Андрей, живший на деревне у брата, к нам приходил часто. Я знал: был Андрей когда-то в солдатах, потом жил в Москве, в людях. Разору и болезни его много способствовала жена, тоже жившая в Москве, в кухарках, любившая веселую городскую жизнь. В деревню приезжала она редко и щеголяла в шелковых платьях, мужа презрительно называла мужиком. Пить он стал с Москвы, после военной службы. Пил сперва жестоко, запойно, потом стал мучиться невыносимо, стал кашлять кровью и после каждой выпивки неделями пластом валялся в соломе, клялся и зарекался не брать на язык ни капли, а вытерпев небольшой срок, срывался, опять чернел.
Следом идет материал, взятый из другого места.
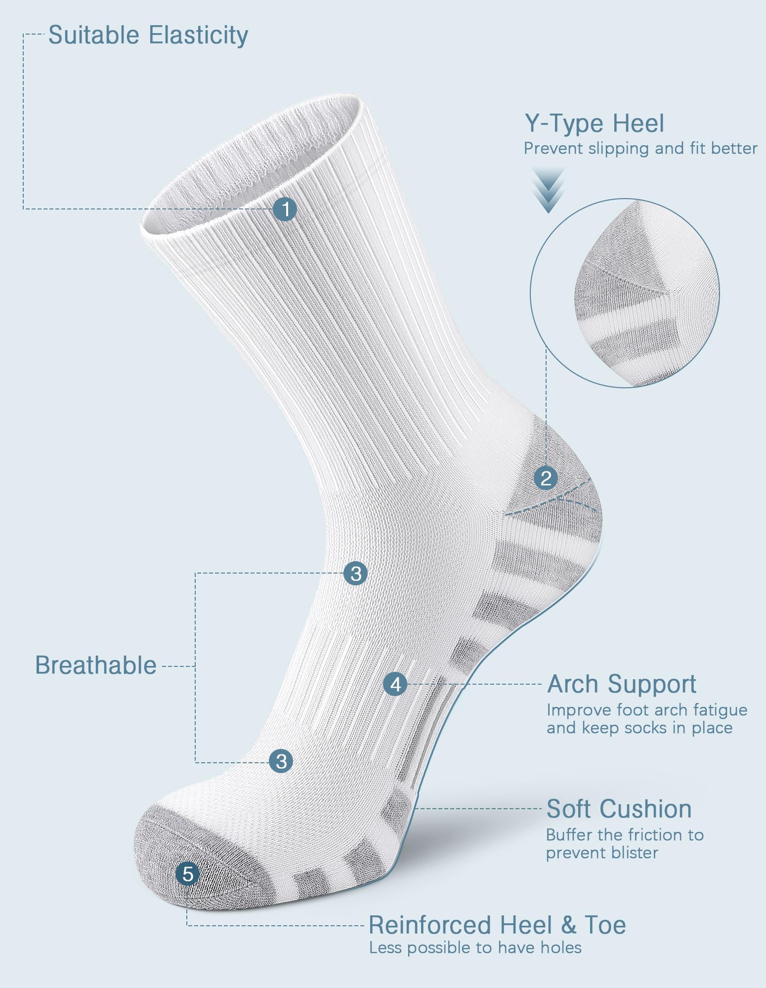 [FULL CUSHIONED SPORT SOCKS]: Crew socks provide better support, constructed with soft plush sole cushioning for extra durability and softness in high-wear areas, reduce the impact on the knee. Elastic arch support and mesh top design are provided with proper compression force, meanwhile, can also keep in good air permeability. Comfortable seamless toe ensures protection against yarn chafing and irritation caused by traditional toe seams.

На дерене жил Андрей у богатого старшего брата. Как все чахоточные, твердо он верил в свое выздоровление, ждал нечаянного богатства. Из желания выиграть садился он за карты, всегда появлялся там, где заводилась игра. Играя на деньги, бледнел он смертельной бледностью, тощею, трепетавшею рукою вытирал катившийся со лба пот. А так и не выиграл он богатства, не дождался своего счастья: выгнанный богачом-братом, ушел скитаться; нашли его в шерсти верстах мертвым в мороз в кочках, запорошенного снегом. На месте, где Андрей умер, по тогдашнему обычаю, поставили люди у самой дороги сосновый крест.
Мужики
Оброська, сидевший у окна на скамейке и не принимавший прямого участия в игре, хрипел чубуком маленькой своей обсосанной трубки и, внимательно кося серыми глазками, следил за игроками, изредка вставляя свое словечко. Был он невелик ростом, узок в плечах и сер. Серо было его неподвижное, никогда не улыбавшееся лицо. Серы, цвета печной золы, были редкие волосы, посконная, видневшаяся под шубейкой рубаха; серы и неуследимы были его маленькие, хоронившиеся глазки. Не в лад с маленьким ростом, непомерно велики и тяжелы были кисти его лежавших на коленях иссиза-чугунных рук. В избе он сидел в шапке, не двигаясь, изредка поднимая правую руку, и, к негодованию Кулинки, не выпуская, насасывал вонявшую махоркой, пускавшую синий дым трубку.
— У, дьявол, — говорила Кулинка зло, — всю избу табачищем провонял!..
И на сердившуюся Кулинку Оброська не обращал ни малейшего внимания.
К нам в Кислово он приходил из соседней деревни, где жил на краю, над речкой, в похинувшейся, по самое окошко вросшей в землю избенке. Из всей деревни удивительна была эта Оброськина избенка, с иззелена-бархатной, мхом поросшею крышей, с единственным, заткнутым обрывком старой овчины, окошком. Нельзя было представить, что живет в этой избенке, летует и зимует, спит и думает свои думы живой человек. На деревне он был безземельным, кормился чем приведет бог. И, как водится, за беспутство деревня ненавидела Оброську; каждое лето бивали его мужики смертным боем, и он в крови, облепленный мухами, подолгу лежал у дороги в канаве; отлежавшись, приходил на деревню — опять лез на рожон. Терпелив он был невыразимо, спокоен как пень. Падай на землю небо, гори деревня, погибай родной его сын — не выпустит Оброська изо рта слюнявую свою трубку, пальцем — не шевельнет.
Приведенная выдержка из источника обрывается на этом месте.